Are you logging? Do your servers, firewalls, routers, IPS systems, and applications write log files? Good. What are you logging? What do you do with those log files? Do you review them every day? Do you correlate them? Do you investigate errors or strange access patterns? Do you archive them? Or do you just let them take up disk space until you are running low, and then pull the old CTRL+A, Shift+Del to free up space?
Good event log management is about much more than turning on logging and ticking all the boxes. Those logs actually have to be reviewed, archived, consulted, or there’s just so much additional overhead to your I/O, and the equivalent of binary junk taking up precious space until you come along to clear them out. Don’t be a data hoarder; implement good event log management practices to get the most out of your systems.
Here are nine fundamental tips for event log management to help you get started:
1. Use an application to do the heavy lifting for you
Unless you have a very small number of servers, you’ll find you have too many systems to effectively handle event log management by hand. The most important tip for event log management is to use an event log management application. The automation will make event log management scalable, and it will help with the remaining tips in this article.
2. Log only what you need, which is just enough to reproduce the events
Too much information is worse than not enough. It’s not uncommon to find servers configured to log so much that they cannot store more than a rolling 24 hour period worth of data. If someone wants to know on Monday morning what happened Friday night, that data has already been lost. Good event log management avoids information overload by ensuring only the relevant data is logged.
3. Aggregate, and correlate your logs
That event log management software will save you countless hours of logging on to each individual system and trying to gather all the logs manually, and then massaging them in Excel to correlate events. You want to see what happens and when it happens across all your systems, and correlating events is the way to get the big picture.

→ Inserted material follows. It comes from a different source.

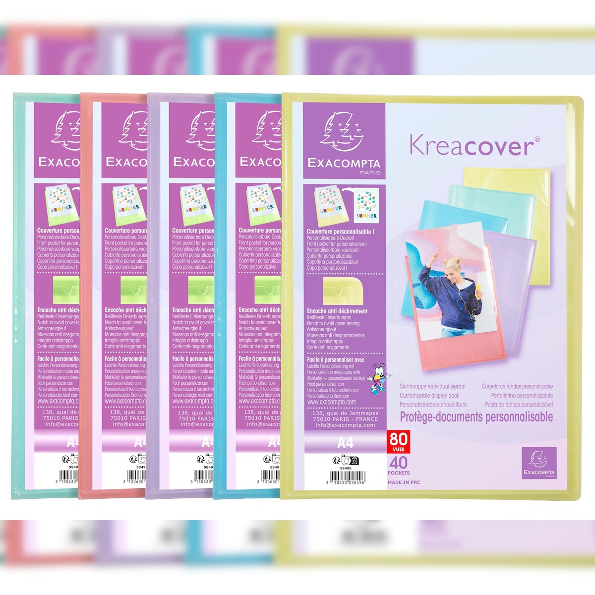 Exacompta 5849E 10x Sichtmapppen A4, PP, 40 Hüllen, Kreacover Pastell - Farben sortiert

4. Review the logs regularly
Reviewing logs when you have a problem is a failing strategy. Regularly reviewing logs lets you start to recognize what is normal, so you will notice what is bad. You need to establish that baseline. Regular reviews can also help you spot issues before they become incidents, and that is one of the main reasons to do any kind of event log management at all. Otherwise, you might as well just turn off logging completely to save space.
5. Investigate anomalies
Because you are doing regular reviews as part of your event log management, you will be able to spot anomalies and get ahead of any potential issues before they become major incidents. Whether it is response times, capacity challenges, or inappropriate access attempts, early detection is key.

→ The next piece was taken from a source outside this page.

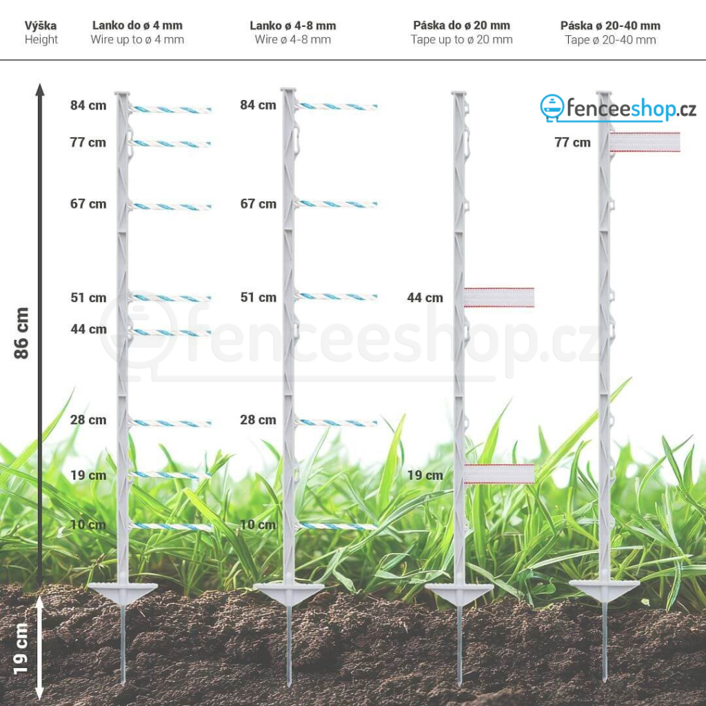 Univerzální plastový sloupek s 8 očky pro vymezení prostoru elektrického ohradníku. Délka 105 cm / nad zemí 86 cm. Obsahuje skleněná vlákna (odolnost proti zlomení). Velmi dobrý poměr ceny a výkonu.

6. Make the logs accessible, and lead people to them
Don’t go at it alone. Good event log management is a team effort, and you’ll be pleasantly surprised at how well the other server admins and application developers will contribute to regular reviews, because they will start to learn things about their systems they couldn’t possibly know without seeing those logs from production.
7. Mine the logs for useful data
Does it make sense to develop content that will never be used? Of course not, and mining your logs for useful data can help you determine what clients are visiting your website so you can see which browsers and resolutions they are using. It can tell you which sections of a site or application are being used, and which are being ignored. Knowing what is useful to your audience helps you prioritize your development efforts where they will do the most good.
8. Store logs long enough to be able to go back in time to prove what you need
Unless you are trying to show year over year trends, data more than 90 days old is so stale it starts to smell bad. Your mileage may vary, but if a security log shows an access attempt from last month, but the source IP address cannot be correlated to the client because DHCP logs only go back seven days, you have a problem. Good event log management should have prevented that, but can fix the issue going forward. Pick a date that everyone agrees is reasonable, and then make sure that all systems use the same retention period.
9. Purge old logs regularly
And when that retention period is past, purge old logs automatically. Log files take up space, and good event log management includes knowing when to take out the trash, and making sure it gets done.
With these nine fundamental tips for event log management, you will find that logging becomes a valuable and desirable activity that can help you learn about your systems, spot trends that will allow you to plan for future growth, identify issues before they become incidents, and enable you to set management’s expectations properly, and meet them completely. Event log management is an underappreciated skill that can easily be added to your repertoire with the right approach, and a good event log management application to help you with the tasks.